We show that while AI-based explanations often align with human explanations, they are not equally reliable for different sub-cohorts of surgeons (e.g., novices vs. experts), a phenomenon we refer to as an explanation bias. We also show that TWIX enhances the reliability of AI-based explanations, mitigates the explanation bias, and improves the performance of AI systems across hospitals. These findings extend to a training environment where medical students can be provided with feedback today.

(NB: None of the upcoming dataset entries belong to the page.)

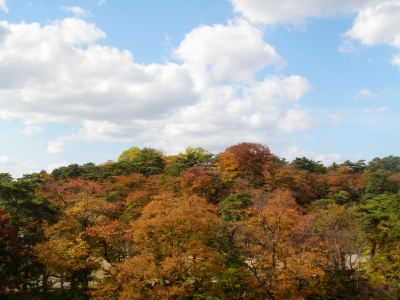 JUGEMテーマ:紅葉JUGEMテーマ:北東北11月23日(土)連休初日。午前に入院患者さんの回診。経過は順調なり。千秋公園のもみじがひときわ見事に色づいている。赤と黄色、お堀端の水面にも落ち葉がちりばめられている。松の緑とのコントラスト。錦絵のようだ。今年の紅葉はいつもよりも美しいと思うのはなぜだろうか。H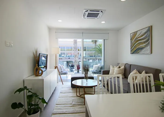 Apartmán Phaedrus Living: Seaview Luxury Flat Limnaria 114 má pokoje pro hosty zařízené balkónem, osobním sejfem a místností na posezení, a poskytuje ideální ubytování ve městě Paphos.
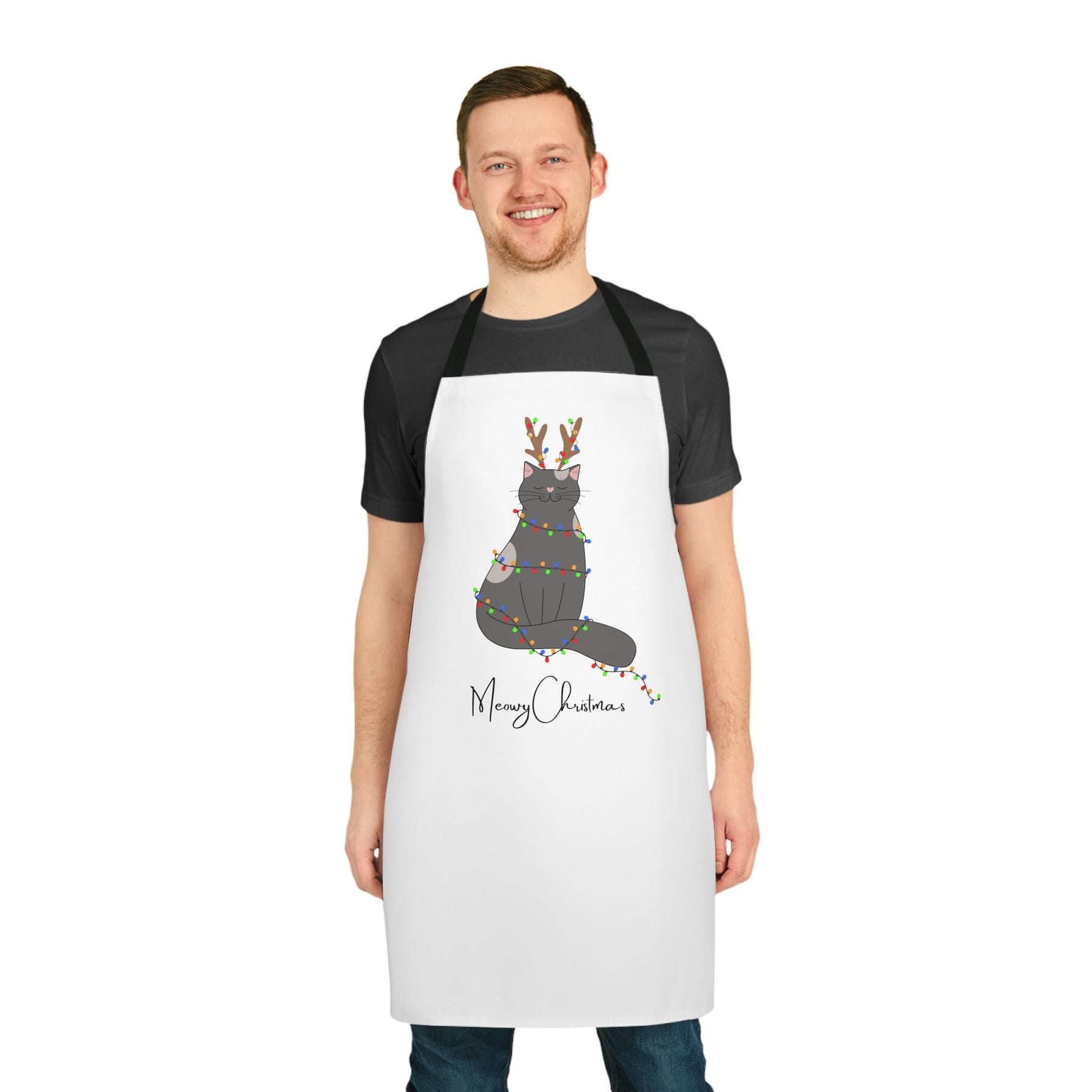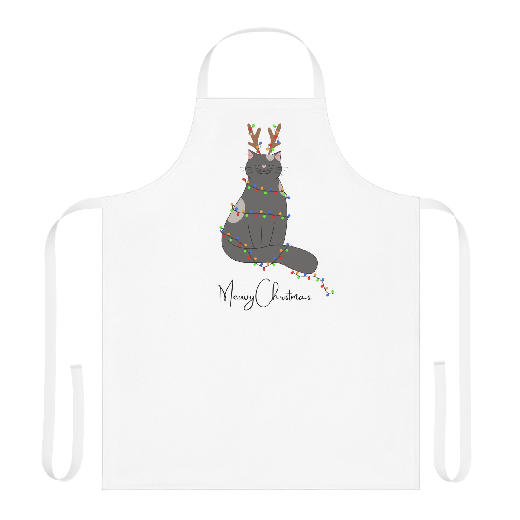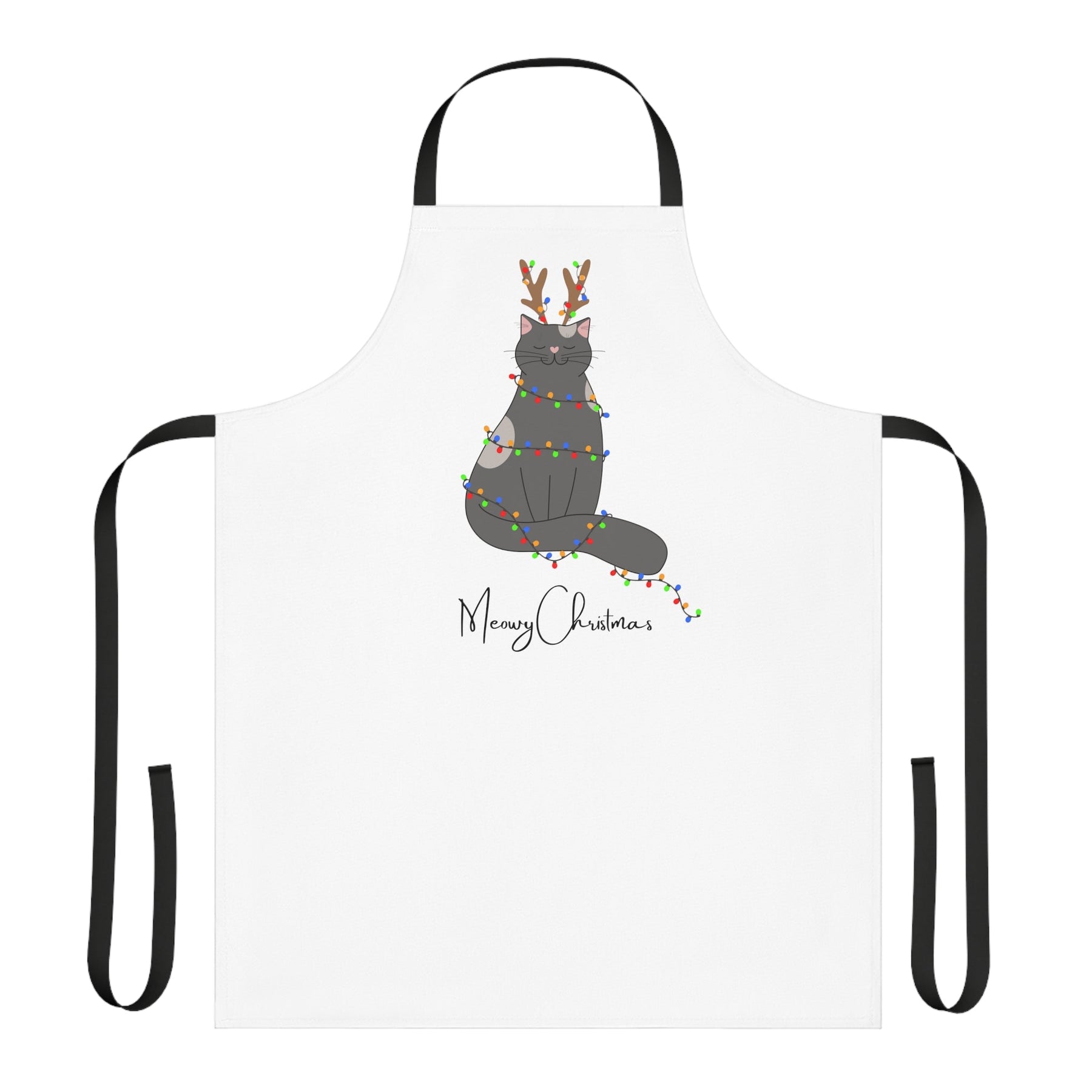 This isn't just any ordinary apron, folks. Oh no, this apron is a real game-changer. Picture a crisp white background that reminds you of freshly fallen snow on a winter morning. Now, let's amp up the cuteness factor with a mischievous cartoon cat dressed up as a reindeer, complete with adorable antlers that are sure to make even Rudolph jealous!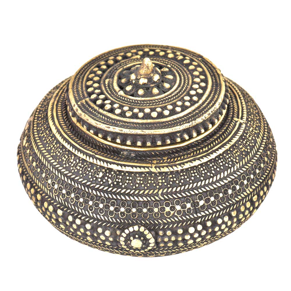 Jewellery box with lid and fine engravings which makes this box more attracting and beautiful. This beautiful jewellery box is circular in shape and is made of bronze and is handmade by the skilled craftsmen of India. It can be used for gifting and decoration etc..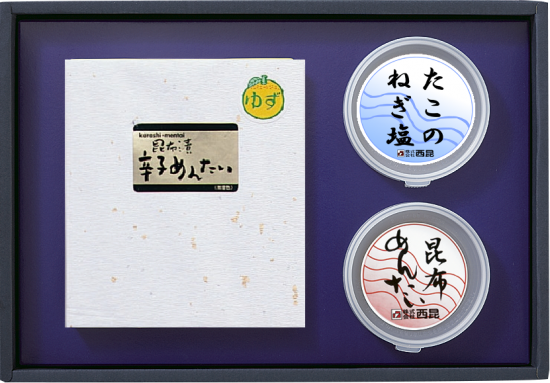 昆布漬辛子明太子(ゆず風味)と和えもの2種類のセットです。 西昆オリジナルの箱に入れてお届けいたします。

Our study informs the impending implementation of AI-augmented surgical training and surgeon credentialing programs, and contributes to the safe and fair democratization of surgery.

Plain language summary

Surgeons aim to master skills necessary for surgery. One such skill is suturing which involves connecting objects together through a series of stitches. Mastering these surgical skills can be improved by providing surgeons with feedback on the quality of their performance. However, such feedback is often absent from surgical practice. Although performance-based feedback can be provided, in theory, by recently-developed artificial intelligence (AI) systems that use a computational model to assess a surgeon’s skill, the reliability of this feedback remains unknown. Here, we compare AI-based feedback to that provided by human experts and demonstrate that they often overlap with one another. We also show that explicitly teaching an AI system to align with human feedback further improves the reliability of AI-based feedback on new videos of surgery. Our findings outline the potential of AI systems to support the training of surgeons by providing feedback that is reliable and focused on a particular skill, and guide programs that give surgeons qualifications by complementing skill assessments with explanations that increase the trustworthiness of such assessments.